Back in 2011, I was lucky enough to be invited to speak at a workshop in Toronto which was intended to launch a magisterial new edition of the letters of Boniface, co-ordinated by Andy Orchard and Alain Stoclet. Yesterday, a blogsite for the project went live, promising information and podcasts from that workshop, and further news on how things are progressing.
The letter collections – for there are three – rank amongst the most famous and well-studied of the early Middle Ages. They have long been available in a very good but not entirely flawless Latin edition by Michael Tangl, published in 1916, with various subsequent translations into modern languages of selections of letters (in English, most notably by Ephraim Emerton in 1934). Two further letters might now be added to Tangl‘s collection, notably a letter of protection written for Boniface by the mayor Carlomann (retired 745) announced only recently by Heinrich Wagner (Deutsches Archiv, 2011).

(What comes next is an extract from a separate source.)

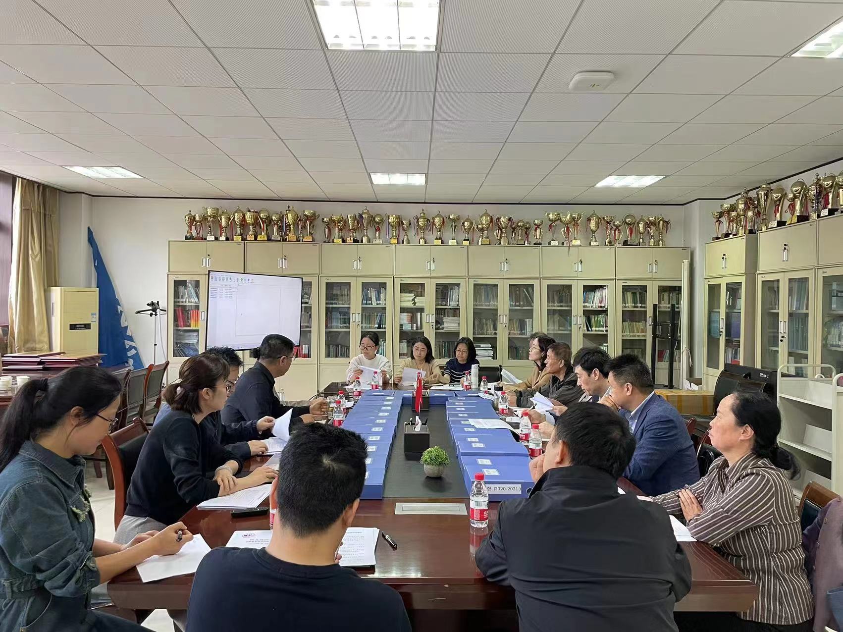 第一版主 副院长闫小军对学院现阶段本科教育教学审核评估及亮点工作做出了简要的汇报。第一版主 教学副院长李莉通过PPT展示了目前学院为教育教学评估所做的相关工作情况。各位领导和校督导专家也对第一版主 整理的纸质版评估材料进行了查阅检查。

The maximalist view of the edition would see a new edition with up-to-date historical commentary and new translations into English, French and German of all the letters. Certainly at the workshop there was also much enthusiasm for embracing some kind of online element, especially since two of the three collections are now freely available to browse on the internet. Whatever final decisions are made, the project will see some exciting international co-operation, great scholarship, and a welcome chance to reassess not only St Boniface but letter-based communication in the Middle Ages.